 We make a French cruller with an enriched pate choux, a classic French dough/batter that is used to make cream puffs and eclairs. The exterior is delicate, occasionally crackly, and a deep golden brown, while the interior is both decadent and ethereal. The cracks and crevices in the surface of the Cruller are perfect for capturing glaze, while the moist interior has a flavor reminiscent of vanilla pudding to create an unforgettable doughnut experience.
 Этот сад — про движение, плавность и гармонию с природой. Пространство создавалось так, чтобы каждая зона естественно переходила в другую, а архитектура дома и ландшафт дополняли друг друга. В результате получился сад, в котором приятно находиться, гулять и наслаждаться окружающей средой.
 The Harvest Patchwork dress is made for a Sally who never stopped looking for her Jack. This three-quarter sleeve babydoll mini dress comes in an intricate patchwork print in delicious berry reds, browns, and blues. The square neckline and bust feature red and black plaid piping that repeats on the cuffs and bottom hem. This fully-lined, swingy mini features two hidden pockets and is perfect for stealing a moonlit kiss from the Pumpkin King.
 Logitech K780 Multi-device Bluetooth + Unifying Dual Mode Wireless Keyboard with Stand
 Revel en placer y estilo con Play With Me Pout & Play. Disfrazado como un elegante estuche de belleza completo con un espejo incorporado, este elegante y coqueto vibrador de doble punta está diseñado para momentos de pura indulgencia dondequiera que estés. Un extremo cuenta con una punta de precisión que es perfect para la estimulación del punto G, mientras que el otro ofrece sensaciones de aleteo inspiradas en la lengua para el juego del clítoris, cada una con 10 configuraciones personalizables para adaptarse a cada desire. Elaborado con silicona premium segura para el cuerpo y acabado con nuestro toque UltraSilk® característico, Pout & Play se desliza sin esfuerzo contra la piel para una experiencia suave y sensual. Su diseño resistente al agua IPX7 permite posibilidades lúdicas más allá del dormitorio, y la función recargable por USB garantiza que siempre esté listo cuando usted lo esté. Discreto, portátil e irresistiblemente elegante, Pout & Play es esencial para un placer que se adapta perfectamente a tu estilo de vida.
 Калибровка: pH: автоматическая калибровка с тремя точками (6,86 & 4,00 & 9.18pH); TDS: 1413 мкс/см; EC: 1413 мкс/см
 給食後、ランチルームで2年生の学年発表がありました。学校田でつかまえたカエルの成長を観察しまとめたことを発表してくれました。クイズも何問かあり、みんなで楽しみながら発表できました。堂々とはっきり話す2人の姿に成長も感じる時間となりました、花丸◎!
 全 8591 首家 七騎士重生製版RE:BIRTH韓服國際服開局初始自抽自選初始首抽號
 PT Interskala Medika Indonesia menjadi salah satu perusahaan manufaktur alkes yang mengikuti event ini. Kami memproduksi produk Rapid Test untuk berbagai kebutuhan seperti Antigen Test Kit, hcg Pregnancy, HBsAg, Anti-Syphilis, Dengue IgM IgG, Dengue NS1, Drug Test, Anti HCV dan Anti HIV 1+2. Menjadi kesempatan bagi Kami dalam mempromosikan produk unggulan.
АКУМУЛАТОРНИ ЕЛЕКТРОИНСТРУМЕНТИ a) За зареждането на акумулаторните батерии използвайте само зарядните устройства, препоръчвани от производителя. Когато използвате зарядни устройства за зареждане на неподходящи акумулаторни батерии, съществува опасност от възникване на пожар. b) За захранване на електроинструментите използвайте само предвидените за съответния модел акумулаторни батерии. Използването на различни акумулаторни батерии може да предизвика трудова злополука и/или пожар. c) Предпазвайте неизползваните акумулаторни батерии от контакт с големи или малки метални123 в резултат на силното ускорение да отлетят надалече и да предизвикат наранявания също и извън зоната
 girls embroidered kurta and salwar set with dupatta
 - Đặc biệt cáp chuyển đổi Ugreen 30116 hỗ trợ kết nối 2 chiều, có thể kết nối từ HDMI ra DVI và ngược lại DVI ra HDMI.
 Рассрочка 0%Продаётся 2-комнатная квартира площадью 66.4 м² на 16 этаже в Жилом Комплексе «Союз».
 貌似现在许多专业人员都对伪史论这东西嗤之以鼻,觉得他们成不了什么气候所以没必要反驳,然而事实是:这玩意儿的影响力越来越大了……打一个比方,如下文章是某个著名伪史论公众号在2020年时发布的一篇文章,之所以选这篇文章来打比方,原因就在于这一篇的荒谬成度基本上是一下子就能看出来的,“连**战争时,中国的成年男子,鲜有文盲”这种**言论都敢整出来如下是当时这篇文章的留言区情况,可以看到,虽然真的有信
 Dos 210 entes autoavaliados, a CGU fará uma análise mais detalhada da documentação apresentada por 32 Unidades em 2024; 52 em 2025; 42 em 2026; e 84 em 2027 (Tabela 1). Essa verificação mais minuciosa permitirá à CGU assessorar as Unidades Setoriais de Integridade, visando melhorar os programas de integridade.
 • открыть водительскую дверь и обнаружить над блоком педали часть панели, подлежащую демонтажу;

§ PROBLEM DETAILS: Output all of the data without altering a single line.

§ WRITTEN ANSWER:
 We make a French cruller with an enriched pate choux, a classic French dough/batter that is used to make cream puffs and eclairs. The exterior is delicate, occasionally crackly, and a deep golden brown, while the interior is both decadent and ethereal. The cracks and crevices in the surface of the Cruller are perfect for capturing glaze, while the moist interior has a flavor reminiscent of vanilla pudding to create an unforgettable doughnut experience.
 Этот сад — про движение, плавность и гармонию с природой. Пространство создавалось так, чтобы каждая зона естественно переходила в другую, а архитектура дома и ландшафт дополняли друг друга. В результате получился сад, в котором приятно находиться, гулять и наслаждаться окружающей средой.
 The Harvest Patchwork dress is made for a Sally who never stopped looking for her Jack. This three-quarter sleeve babydoll mini dress comes in an intricate patchwork print in delicious berry reds, browns, and blues. The square neckline and bust feature red and black plaid piping that repeats on the cuffs and bottom hem. This fully-lined, swingy mini features two hidden pockets and is perfect for stealing a moonlit kiss from the Pumpkin King.
 Logitech K780 Multi-device Bluetooth + Unifying Dual Mode Wireless Keyboard with Stand
 Revel en placer y estilo con Play With Me Pout & Play. Disfrazado como un elegante estuche de belleza completo con un espejo incorporado, este elegante y coqueto vibrador de doble punta está diseñado para momentos de pura indulgencia dondequiera que estés. Un extremo cuenta con una punta de precisión que es perfect para la estimulación del punto G, mientras que el otro ofrece sensaciones de aleteo inspiradas en la lengua para el juego del clítoris, cada una con 10 configuraciones personalizables para adaptarse a cada desire. Elaborado con silicona premium segura para el cuerpo y acabado con nuestro toque UltraSilk® característico, Pout & Play se desliza sin esfuerzo contra la piel para una experiencia suave y sensual. Su diseño resistente al agua IPX7 permite posibilidades lúdicas más allá del dormitorio, y la función recargable por USB garantiza que siempre esté listo cuando usted lo esté. Discreto, portátil e irresistiblemente elegante, Pout & Play es esencial para un placer que se adapta perfectamente a tu estilo de vida.
 Калибровка: pH: автоматическая калибровка с тремя точками (6,86 & 4,00 & 9.18pH); TDS: 1413 мкс/см; EC: 1413 мкс/см
 給食後、ランチルームで2年生の学年発表がありました。学校田でつかまえたカエルの成長を観察しまとめたことを発表してくれました。クイズも何問かあり、みんなで楽しみながら発表できました。堂々とはっきり話す2人の姿に成長も感じる時間となりました、花丸◎!
 全 8591 首家 七騎士重生製版RE:BIRTH韓服國際服開局初始自抽自選初始首抽號
 PT Interskala Medika Indonesia menjadi salah satu perusahaan manufaktur alkes yang mengikuti event ini. Kami memproduksi produk Rapid Test untuk berbagai kebutuhan seperti Antigen Test Kit, hcg Pregnancy, HBsAg, Anti-Syphilis, Dengue IgM IgG, Dengue NS1, Drug Test, Anti HCV dan Anti HIV 1+2. Menjadi kesempatan bagi Kami dalam mempromosikan produk unggulan.
АКУМУЛАТОРНИ ЕЛЕКТРОИНСТРУМЕНТИ a) За зареждането на акумулаторните батерии използвайте само зарядните устройства, препоръчвани от производителя. Когато използвате зарядни устройства за зареждане на неподходящи акумулаторни батерии, съществува опасност от възникване на пожар. b) За захранване на електроинструментите използвайте само предвидените за съответния модел акумулаторни батерии. Използването на различни акумулаторни батерии може да предизвика трудова злополука и/или пожар. c) Предпазвайте неизползваните акумулаторни батерии от контакт с големи или малки метални123 в резултат на силното ускорение да отлетят надалече и да предизвикат наранявания също и извън зоната
 girls embroidered kurta and salwar set with dupatta
 - Đặc biệt cáp chuyển đổi Ugreen 30116 hỗ trợ kết nối 2 chiều, có thể kết nối từ HDMI ra DVI và ngược lại DVI ra HDMI.
 Рассрочка 0%Продаётся 2-комнатная квартира площадью 66.4 м² на 16 этаже в Жилом Комплексе «Союз».
 貌似现在许多专业人员都对伪史论这东西嗤之以鼻,觉得他们成不了什么气候所以没必要反驳,然而事实是:这玩意儿的影响力越来越大了……打一个比方,如下文章是某个著名伪史论公众号在2020年时发布的一篇文章,之所以选这篇文章来打比方,原因就在于这一篇的荒谬成度基本上是一下子就能看出来的,“连**战争时,中国的成年男子,鲜有文盲”这种**言论都敢整出来如下是当时这篇文章的留言区情况,可以看到,虽然真的有信
 Dos 210 entes autoavaliados, a CGU fará uma análise mais detalhada da documentação apresentada por 32 Unidades em 2024; 52 em 2025; 42 em 2026; e 84 em 2027 (Tabela 1). Essa verificação mais minuciosa permitirá à CGU assessorar as Unidades Setoriais de Integridade, visando melhorar os programas de integridade.
 • открыть водительскую дверь и обнаружить над блоком педали часть панели, подлежащую демонтажу;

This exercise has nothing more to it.